The weeks that followed the prostatectomy were debilitating and painful. But could the removal of my prostate signify the end of my leg pain? Would I recover from the operation and then sleep normally again?
Alas, this wasn’t to be the case, and the leg pain continued.
I would have been to see any number of doctors and surgeons trying to explore what it might be. Everything from psychological (they suggested PTSD – post-traumatic stress disorder) to neurological referred pain, physical pain – you name it.
18th July, 2017 – following a difficult time, my wife and I separated.
The leg pain continued, and the two hours sleep a night continued. My resolve to get the matter increased yet again.
I’d always been convinced the pain though was not in my head, not psychological, and not referred pain from somewhere else or anything else that was I was being tested and treated for. I was convinced the pain was physical and local, vascular and within the leg.
I have been given epidurals, been treated with stacks of different drugs, pain and sleep medications… I have been hypnotised, acupunctured, had sound waves fired in each ear, all forms of leg and back treatment… doctor after doctor, surgeon after surgeon, psychologist after psychologist. Theory after theory. I’ve even had specialists tell me it’s all in my head.
I went back to my doctor in February 2018 and insisted on seeing another vascular specialist. This, despite having had several diagnoses already. My doctor hesitantly sent me to another specialist.
27th February 2018 – I had my appointment, and this particular doctor had his own ultrasound machine on site, and he scanned my leg. Within minutes he told me that he thought I had been misdiagnosed. He didn’t think it was a DVT. He said we would need to MRI it, but it looks like a tumour.
1st March 2018 – The MRI that night confirmed it, it was a tumour deep in my thigh. The size of a large walnut/golf ball.
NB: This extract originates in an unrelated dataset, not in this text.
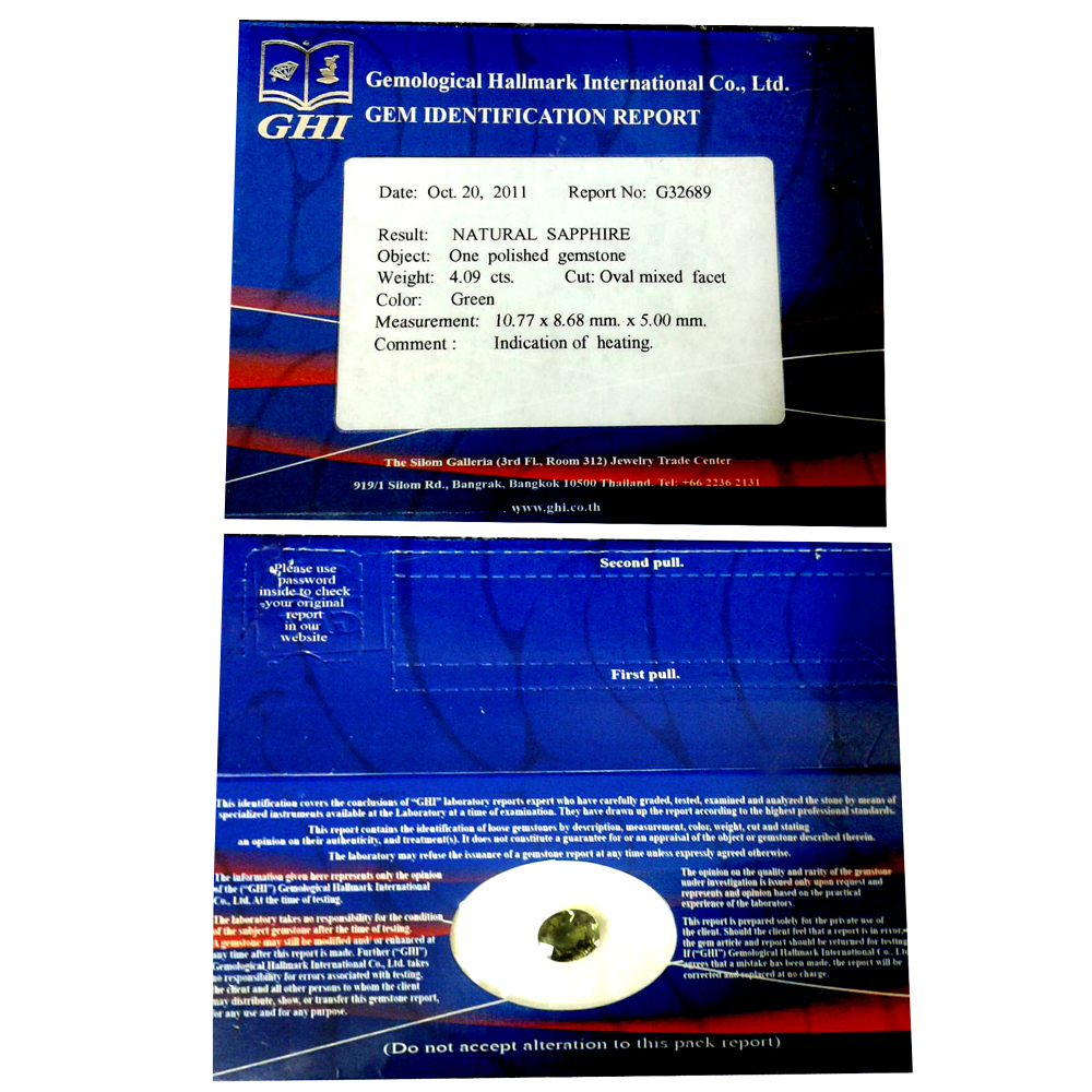 Certified Green Sapphire 4.09 Ct. Clean Oval 10.77 x 8.68 Mm. Natural Gemstone

When I look back – and I look through my seemingly endless pile of DVT scans, it seems inconceivable that this hadn’t been picked up by one of the scanners, or one of the doctors.
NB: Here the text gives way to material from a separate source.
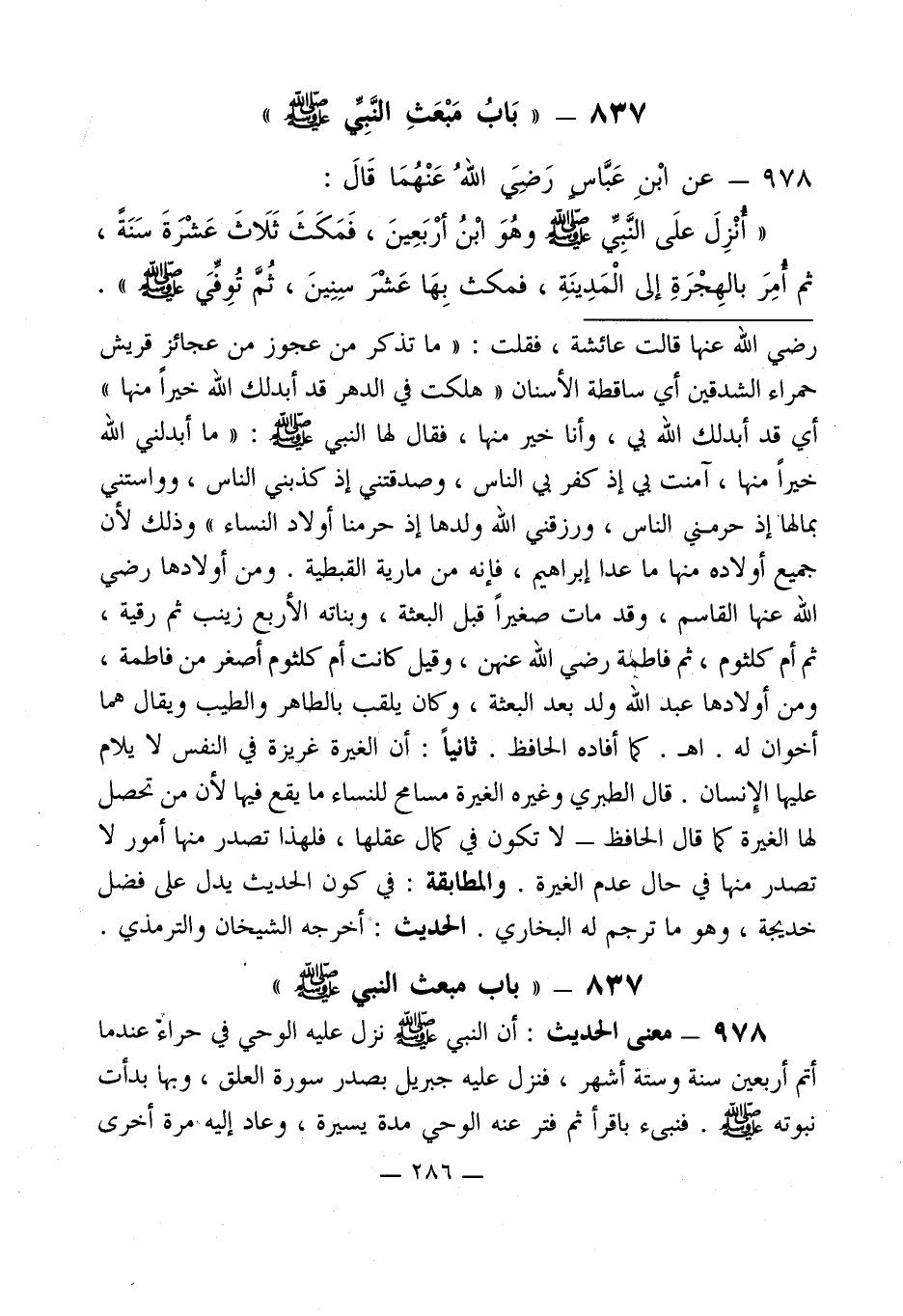 837 - " باب مبعث النبي - صلى الله عليه وسلم - "

To cap it all, in one of the MRI reports, it was found that the operator and specialist missed a crucial clue – in one of the slices of the MRI scan, the tumour was visible.
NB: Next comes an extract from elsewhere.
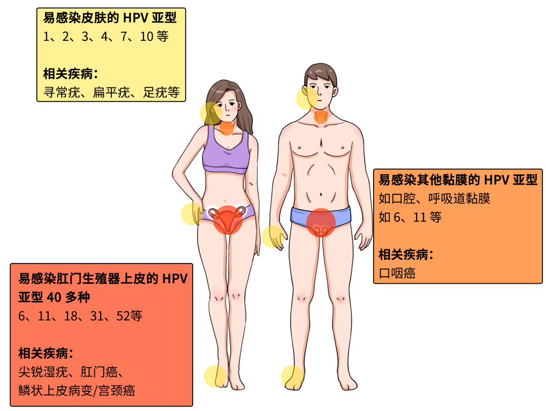 HPV 分为高危型和低危型两种。其中低危型 HPV,基本不会引发癌症,但可能引发一些疣类皮肤病变。[1]

I was referred to a new set of doctors / surgeons and sent for a biopsy.
This confirmed the tumour.
27th March 2018 – I started six weeks of radiation therapy.
Almost immediately my leg pain subsided and I started sleeping through the night for the first time in a long time. It was absolute bliss!
5th June 2018 – Surgery time. Two surgeons got to work on me and opened up my thighs. One surgeon worked on my left thigh, carefully removing a superficial vein for use in my right thigh. The other surgeon got to work on my right thigh, removing the tumour which was pressed up against my arterial vein which needed to be rewired with the vein from my left. A nerve also had to be removed.
The tumour was removed with clear margins.
And following that, there was lots of physio trying to get my leg back into shape.
As a consequence of the operations, I have some lymphedema in my leg so I am undergoing compression treatment to deal with that. And with the nerve removed, I have lost sensation in half of my lower right leg.
But, I am alive, sleeping well, relieved, and feeling positive.
This is a summary, and I’ll go into more detail about each aspect of my journey, in the hope that if someone out there is searching for answers and not finding them, then maybe, just maybe, my posts here might assist in getting them on the right track.
Question everything. Go with your gut. Get answers. Don’t give up.